NSU students are mourning the closing of The Body, a popular college bar that closed in January. It was a fateful night when students heard the owners would never reopen the bar.

“Maybe you don’t understand, but The Body was more than a bar; on Thursday nights, it was our home,” sophomore Katie Woodhead said. “The Body was just…well, it was special. It was a place all heterosexual members of a Greek organization could feel welcome, and that’s not something you see everyday.”

NSU students were so affected by the loss of their Thursday-night home, the NSU Counseling Services set up a weekly support group to help students cope.

“Where are we supposed to go on Thursday nights?” junior Alex Douchenbag said, sobbing. “I keep telling myself that this isn’t real, but I just can’t pretend anymore.

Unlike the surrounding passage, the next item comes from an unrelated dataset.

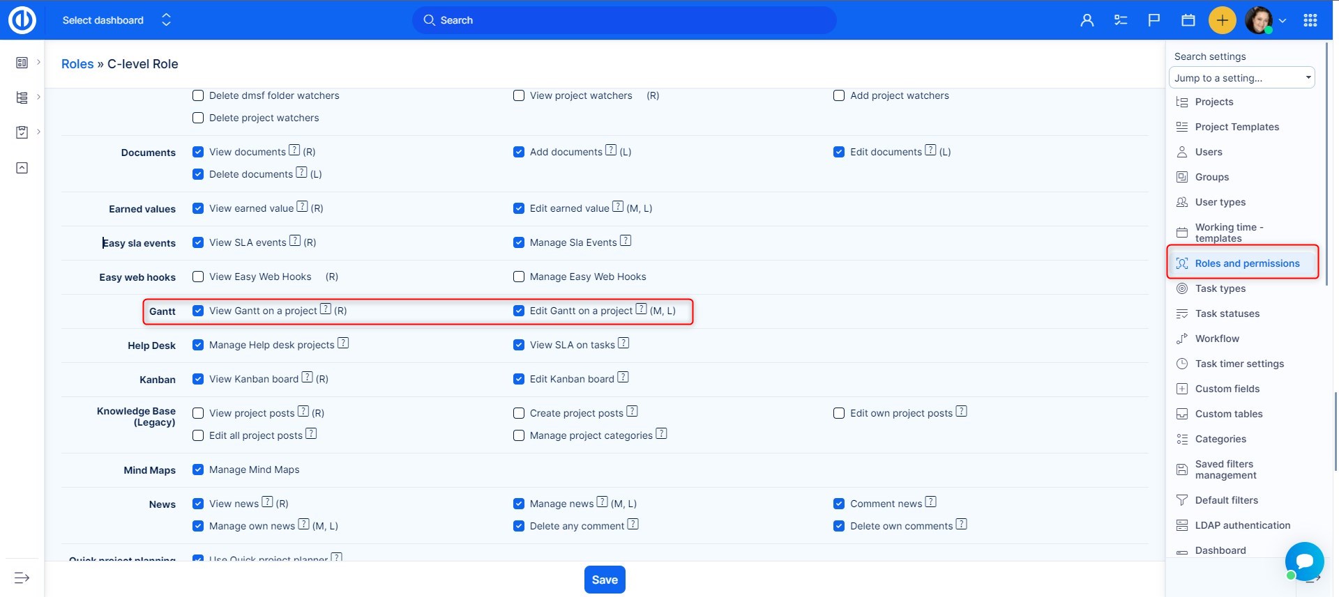The permissions for Easy Gantt can be set up in Global menu >> Administration >> Roles and permissions >> Gantt (both in global permissions and project permissions). Moreover, the Edit button (enabling you to work with Gantt) is only available when the permission "Manage tasks relations" is enabled (can be found under Roles and permissions >> Project permissions >> Task tracking - Manage task's relations).

The Body is gone, and I will never move on.”

Several students from the support group were triggered by The Current Sauce’s news coverage of the bar’s closing, specifically noting the lack of an obituary. They aired their grievances on Twitter, and the posts went viral online. People across the globe couldn’t believe what had happened to the beloved bar.

“I have no reason to ever visit Natchitoches again if The Body isn’t there,” Austrian 22-year-old Heidi Lahren said. “And the very nasty newspaper, The Current Sauce, is just fake news. You know how I can tell they are fake news? Because they did something I didn’t like at all.”

NSU student Calvin Beerpong tweeted, “No eulogy for The Body? The Current Sauce is extremely biased and liberal.”

Counselor Shauna Higgins said the support group is helping students deal with their complicated feelings of anger toward The Current Sauce as well as the guilt many students feel when they attend the Press Box, a newer sports bar in the Natchitoches area. Higgins said some of the students feel they can never love another bar again, but she urges them to try new bars so they can eventually move on.

“Every time I walk into the Press Box, I just feel like I’m betraying the bar that taught me everything I know about being a college student,” Hannah Dullerton said. “I miss the vomit-tinged air and the smell of a thousand cigarettes invading my nostrils. I miss waking up with my own puke next to me in bed on Friday mornings and the excitement of not knowing what I did the night before. It’s just not the same at the Press Box. And you know what the worst part is? I never got to say goodbye.”